Posted on 4/13/14 at 12:27 pm to
Posted by Tackle74
Columbia, MO
Member since Mar 2012
5264 posts
Posted on 4/13/14 at 12:27 pm to
quote:

Doing well in class, while a noble goal, does not = educated. We know more today, but understand less. Some students can tell you what year the constitution was written and ratified, but almost none can explain why.

Schools today crank out memorizers and regurgitators instead of thinkers. This has been a slow progression over the last 100 or so years.

If someone (or many people) receives a positive evaluation from a school, that doesn't validate the quality of instruction given by the school.


Your points are valid though are the same throughout the history of education or matter of fact almost any learning experience. Doing well in class in my opinion is not just getting a grade but getting an education, think we believe the same thing just said it differently.
Posted by shutterspeed
MS Gulf Coast
Member since May 2007
63685 posts
Posted on 4/13/14 at 12:37 pm to
quote:

Doing well in class, while a noble goal, does not = educated. We know more today, but understand less. Some students can tell you what year the constitution was written and ratified, but almost none can explain why.

Schools today crank out memorizers and regurgitators instead of thinkers. This has been a slow progression over the last 100 or so years.


I think schools are TRYING to get students to think now but in a misguided way. We are pushing skills and concepts before fundamentals are grasped.

If you compare education today to education in the past, the differences are probably light years apart. If we were lucky, back in the day, we might answer some basic chapter review questions and call it a day. Today, students are required to do so much more.
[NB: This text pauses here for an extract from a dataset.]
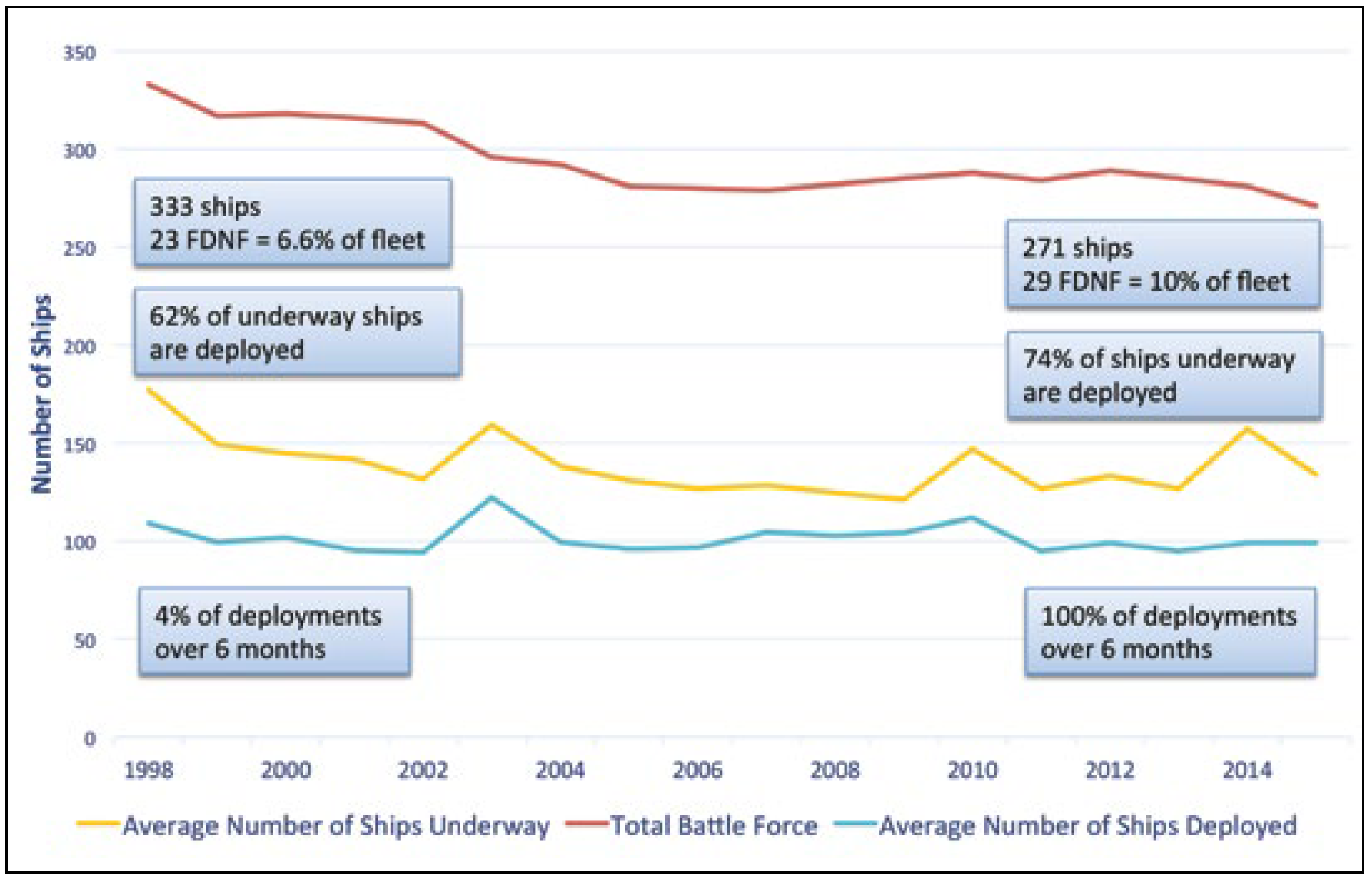 Figure 2: Navy ships deployed and underway, 1998 to 2014

But schools never really produced thinkers, in my opinion. That came from home, and a natural curiosity by students (fostered by parents and society) that propelled students to learn and apply knowledge and skills. Students and parents filled in the educational gaps on their own at home and out in the world. That seems to be largely missing in students today.

Now schools SHOULD encourage students to think deeply about concepts, but I think our expectations for what schools can do for students far exceed reality.